Uma das revelações do Campeonato Goiano neste ano vem de Boa Vista, Roraima. Com apenas 20 anos, o meia Felipe Brisola tem sido o símbolo de técnica e velocidade na Anapolina. Com uma maturidade pouco comum entre os “boleiros”, o jovem já vive a expectativa das fases finais do Goianão, e garante que a rubra tem força o bastante para levar o título.
“O grupo da Anapolina é um grupo muito bom, não tem vaidade, a gente que a mesma coisa, que é ser campeão, estamos todos focados, e isso é muito bom”, afirmou o jogador, em entrevista ao repórter da RÁDIO 730, Vinícius Moura. Em busca do que seria o primeiro título estadual da xata, Felipe Brisola ressaltou a importância que teria a conquista para o clube, e também para o atual elenco alvirrubro.

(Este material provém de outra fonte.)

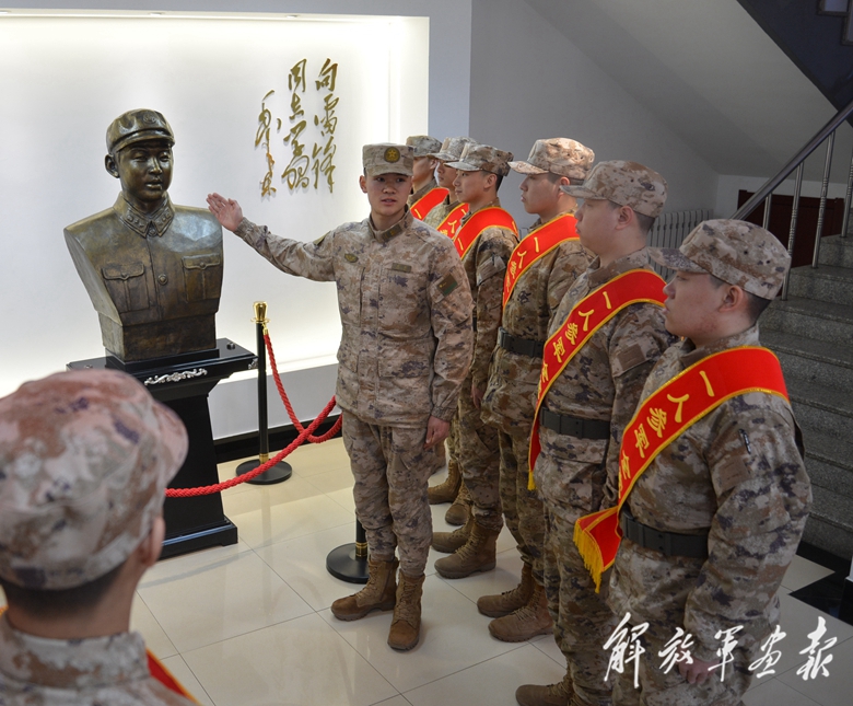 組織預(yù)定新兵到“雷鋒班”開展現(xiàn)地教育,“雷鋒班”原副班長蔣辦(右三)講述雷鋒故事。

“A gente sabe que a Anapolina nunca ganhou um título, e isso dá mais motivação para o nosso grupo. Vamos entra na história, daqui a 30, 40 anos, todos iam lembrar dos jogadores. Agora se ficar pelo caminho ninguém vai lembrar”, disse o meia, que está no páreo para levar o carro que será dado pela RÁDIO 730 ao melhor jogador do campeonato. “Eu sei que eu tenho responsabilidade como qualquer um aqui, no campeonato que a gente está jogando, estamos valorizados agora, a gente sabe que as semifinais do Goiano não é pra qualquer um “, acrescentou.
Carreira
Felipe começou jogando futsal, ainda em Boa Vista, quando foi fazer um teste no Juventude-RS, em 2008. No alviverde de Caxias do Sul que o jovem começou a carreira, passando depois por Inter de Santa Maria-RS, até chegar na Anapolina em 2009, ainda para atuar nas categorias de base. No ano passado o meia foi emprestado ao Goiatuba, para disputar a terceira divisão goiana, em uma fase difícil da sua carreira como jogador.
“O futebol da terceira divisão é complicado, o cara tem que ter força de vontade, determinação para continuar aqui, mas tem que trabalhar, não tem que ficar parado”, declarou. De volta à Anapolina, Felipe firmou contrato com a rubra até o início de 2016. Ele mora na concentração do clube, e faz questão sempre de ouvir a voz dos jogadores mais experientes do grupo da rubra.
“Eles me tratam muito bem, graças a Deus, e eles me aconselham bastante, o Gatti, o Bem-Hur, eles conversam bastante comigo, e eu tento sugar o máximo de experiência possível que eu posso, que seja pro meu benefício, e graças a Deus a gente tem uma boa relação”, comentou o jovem meia.
Futuro
Ainda começando a aventura pelo futebol profissional, Felipe não esconde que tem ambições e pretende atingir algo maior na carreira. Entretanto, ele prefere não citar nenhum clube que gostaria de atuar. “Eu não tenho preferência por time, mas o jogador sempre almeja algo melhor para ele, procura trabalhar bem para estar buscando coisas melhores, e se Deus quiser vai aparecer”, analisou.
Flamenguista assumido, Felipe admite que jogar pelo rubro-negro carioca seria um sonho realizado. “Minha família inteira é flamenguista, eu fui no mesmo caminho”, revelou. Felipe garante que ainda não foi procurado por nenhum clube oficialmente, inclusive os três grandes times da capital, mas sabe que essa é uma possibilidade.
“Sempre tem quando um jogador está se destacando, está fazendo um bom trabalho, o clube está bem, mas graças a Deus eu tenho uma boa base. Meu pai me ajuda, meu pai tem instrução para esta cuidando dos meus interesses, e ele me blinda bastante”, revelou ele, que tem como agente o próprio pai, que dá toda a assistência necessária, mesmo morando em Boa Vista. “Graças a Deus fui criado num ambiente familiar muito bom, e isso me ajuda bastante a tomar as decisões corretas aqui e profissionalmente”, ressaltou.